◆ DATA EXTRACT
- Opening Delimiter -
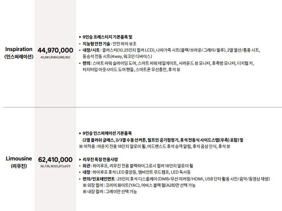 스타리아 라운지는 9인승과 7인승으로 구분됩니다.
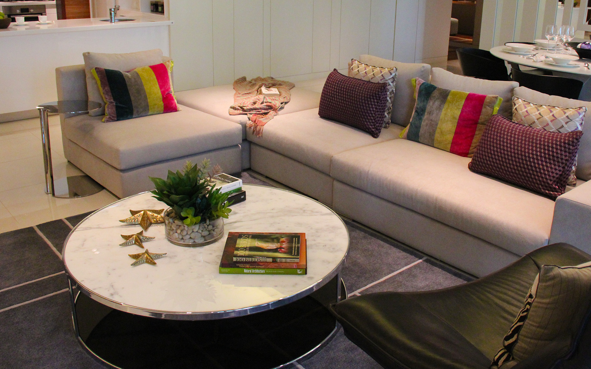 Marble flooring is among the most beautiful flooring options. Set within living rooms, you will live within a space of timeless beauty, naturally created over thousands of years by mother earth. Every marble is unique. Marble is extremely durable and will last longer than most floor tiles. Marble tiles create a distinct décor style as it comes with a number of colour and design options. Marble is easy to clean with a mild soap and water, and is naturally resistant to bacteria and allergens, compared to carpeting.
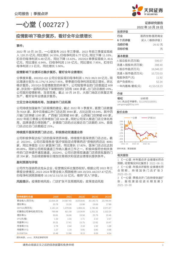 一心堂2022年三季报显示,公司在疫情影响下业绩稳步复苏,省外门店扩张加速,医保资质门店占比提升,双通道业务积极推进。维持此前对公司2022-2024年营业收入和归母净利润的预测,维持“买入”评级。投资者需注意疫情影响、门店扩张不及预期以及政策变动等风险。
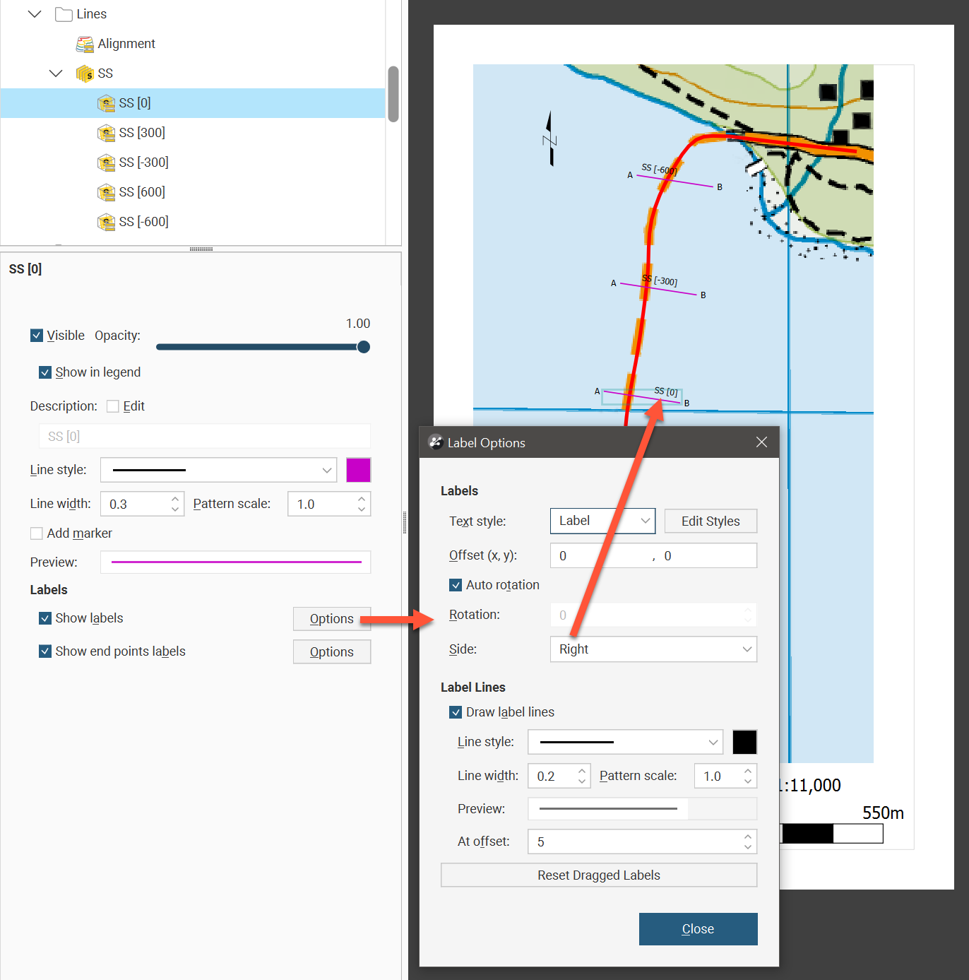 Along with other line colour, style and width controls, section lines can have their labels positioned to the Left, Centre or Right by clicking through to the labels options.
- Closing Delimiter -
◆ WHAT THE TASK REQUIRES
The expected answer is the lines from the one that has "Marble flooring is" to the end of the listing, transcribed exactly, with pictures left out and no other line added.

◆ WORKED SOLUTION
 Marble flooring is among the most beautiful flooring options. Set within living rooms, you will live within a space of timeless beauty, naturally created over thousands of years by mother earth. Every marble is unique. Marble is extremely durable and will last longer than most floor tiles. Marble tiles create a distinct décor style as it comes with a number of colour and design options. Marble is easy to clean with a mild soap and water, and is naturally resistant to bacteria and allergens, compared to carpeting.
 一心堂2022年三季报显示,公司在疫情影响下业绩稳步复苏,省外门店扩张加速,医保资质门店占比提升,双通道业务积极推进。维持此前对公司2022-2024年营业收入和归母净利润的预测,维持“买入”评级。投资者需注意疫情影响、门店扩张不及预期以及政策变动等风险。
 Along with other line colour, style and width controls, section lines can have their labels positioned to the Left, Centre or Right by clicking through to the labels options.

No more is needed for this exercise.